-- About this exercise --
For the listing that follows, give again exactly the lines from the one with "大豆ミートと季節野菜の カレー (ダイシモチご飯) ¥1,000 ※白米に変更可" to the one with "魚・肉・玉ねぎを使わない精進カレーです。 ベジタリアン・ヴィーガンの方にも 召し上がって頂けるカレーです。", including both.

-- Exercise inputs --

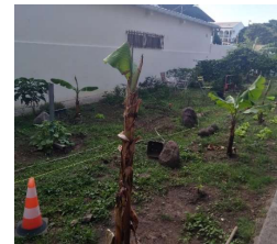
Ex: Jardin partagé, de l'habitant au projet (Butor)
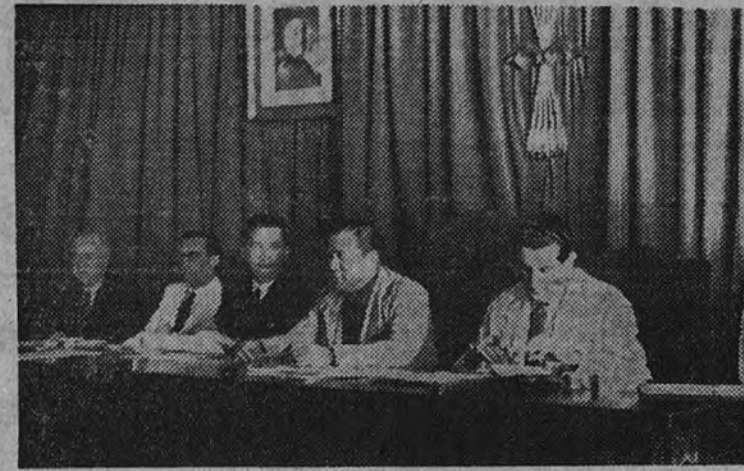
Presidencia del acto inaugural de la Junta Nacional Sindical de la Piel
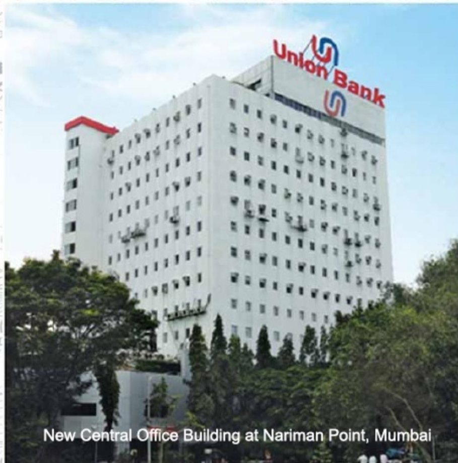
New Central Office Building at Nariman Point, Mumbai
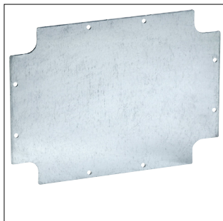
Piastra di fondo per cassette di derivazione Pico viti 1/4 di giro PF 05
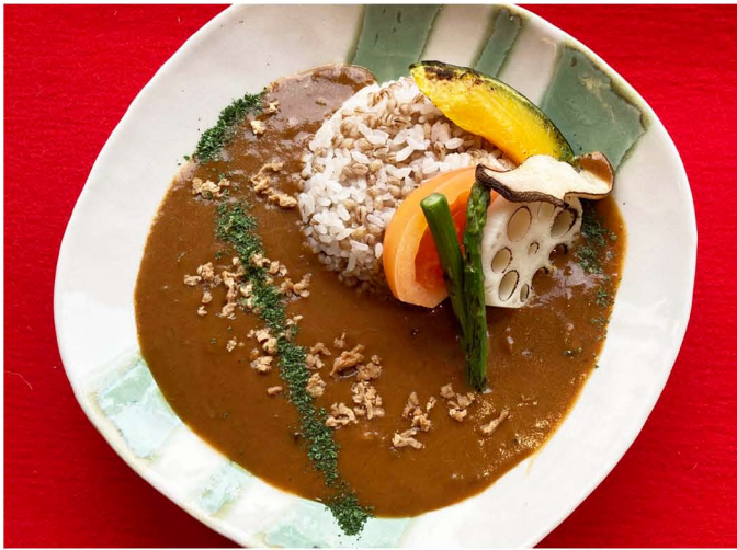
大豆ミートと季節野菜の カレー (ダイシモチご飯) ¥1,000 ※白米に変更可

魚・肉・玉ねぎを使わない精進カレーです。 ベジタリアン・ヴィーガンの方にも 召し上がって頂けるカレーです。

==

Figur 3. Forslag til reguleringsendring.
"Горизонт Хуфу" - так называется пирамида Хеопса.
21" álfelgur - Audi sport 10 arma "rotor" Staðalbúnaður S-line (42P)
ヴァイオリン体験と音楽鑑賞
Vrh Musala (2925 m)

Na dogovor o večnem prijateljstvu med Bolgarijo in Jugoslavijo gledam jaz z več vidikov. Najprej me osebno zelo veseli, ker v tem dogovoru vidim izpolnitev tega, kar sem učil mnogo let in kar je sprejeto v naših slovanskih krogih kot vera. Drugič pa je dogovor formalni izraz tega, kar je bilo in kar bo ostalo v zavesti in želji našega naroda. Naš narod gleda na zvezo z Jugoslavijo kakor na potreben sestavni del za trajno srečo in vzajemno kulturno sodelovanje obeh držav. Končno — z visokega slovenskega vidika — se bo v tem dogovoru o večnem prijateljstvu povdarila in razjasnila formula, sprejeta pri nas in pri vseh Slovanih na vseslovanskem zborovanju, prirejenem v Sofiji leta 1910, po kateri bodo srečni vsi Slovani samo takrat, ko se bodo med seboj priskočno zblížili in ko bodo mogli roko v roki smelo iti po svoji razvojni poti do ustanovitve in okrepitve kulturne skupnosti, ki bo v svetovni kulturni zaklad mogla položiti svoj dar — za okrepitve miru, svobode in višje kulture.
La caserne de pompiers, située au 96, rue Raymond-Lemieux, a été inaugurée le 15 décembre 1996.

-- Result of the exercise --
大豆ミートと季節野菜の カレー (ダイシモチご飯) ¥1,000 ※白米に変更可

魚・肉・玉ねぎを使わない精進カレーです。 ベジタリアン・ヴィーガンの方にも 召し上がって頂けるカレーです。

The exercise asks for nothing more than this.